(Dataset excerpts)
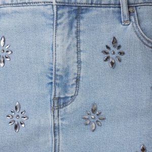 This classic denim mini skirt has diamond shaped embellishment down the front for subtle summer bling. A cute look for strappy sandals or dress it down with sneakers.
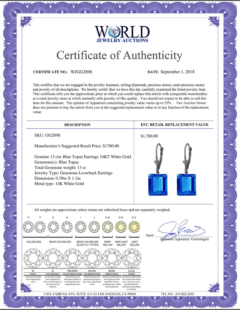 REF-54H2X - SKU: GG2898 ---- Genuine 13 ctw Blue Topaz Earrings 14KT Rose Gold
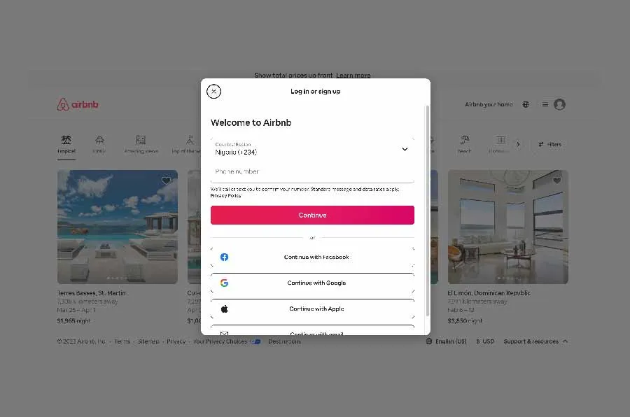 The login page form allows users to sign in with Email, Facebook, Google, or Apple which are most popular with typical Airbnb users.
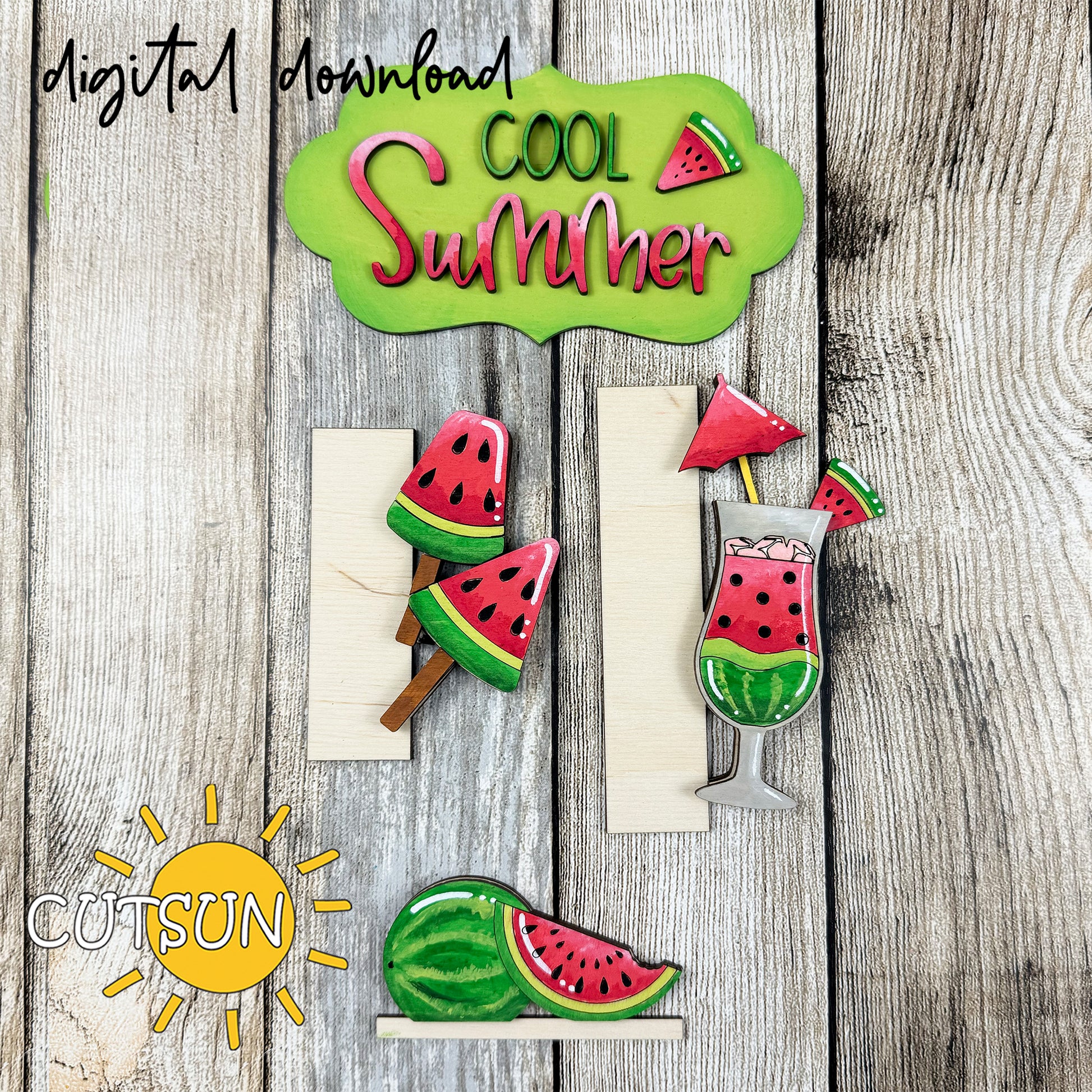 Watermelon Porch Sign SVG | Interchangeable Vertical Leaner | Cool Summer Popsicle and Fruit Decor Laser Cut File
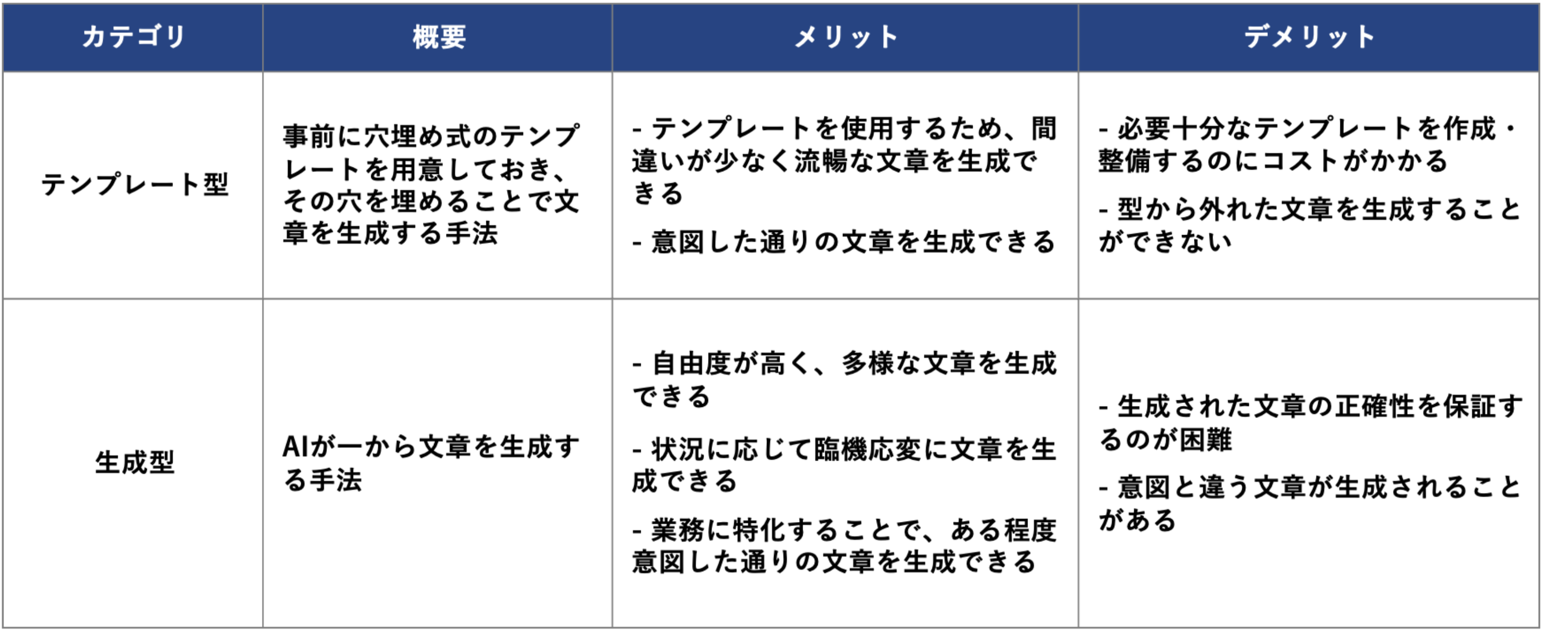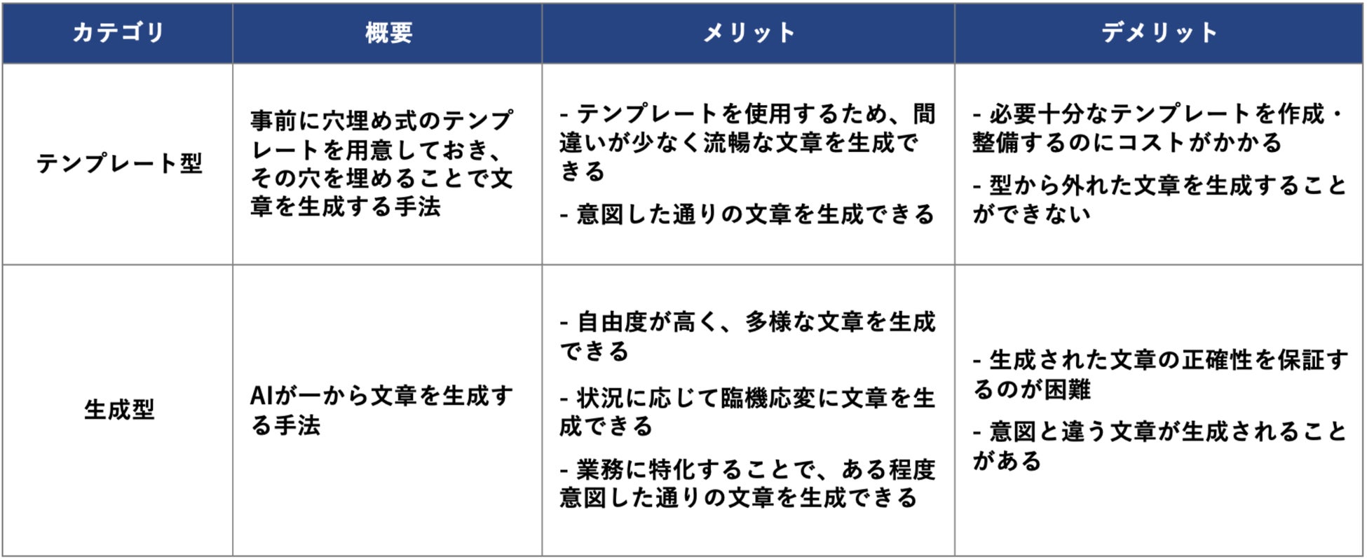 AIによる文章生成はテンプレート型、生成型の大きく2種類のモデルがあります。それぞれの特徴は下記画像をご参照ください。

• What to work on: Return the records above exactly, without the pictures.

• Written answer:
 This classic denim mini skirt has diamond shaped embellishment down the front for subtle summer bling. A cute look for strappy sandals or dress it down with sneakers.
 REF-54H2X - SKU: GG2898 ---- Genuine 13 ctw Blue Topaz Earrings 14KT Rose Gold
 The login page form allows users to sign in with Email, Facebook, Google, or Apple which are most popular with typical Airbnb users.
 Watermelon Porch Sign SVG | Interchangeable Vertical Leaner | Cool Summer Popsicle and Fruit Decor Laser Cut File
 AIによる文章生成はテンプレート型、生成型の大きく2種類のモデルがあります。それぞれの特徴は下記画像をご参照ください。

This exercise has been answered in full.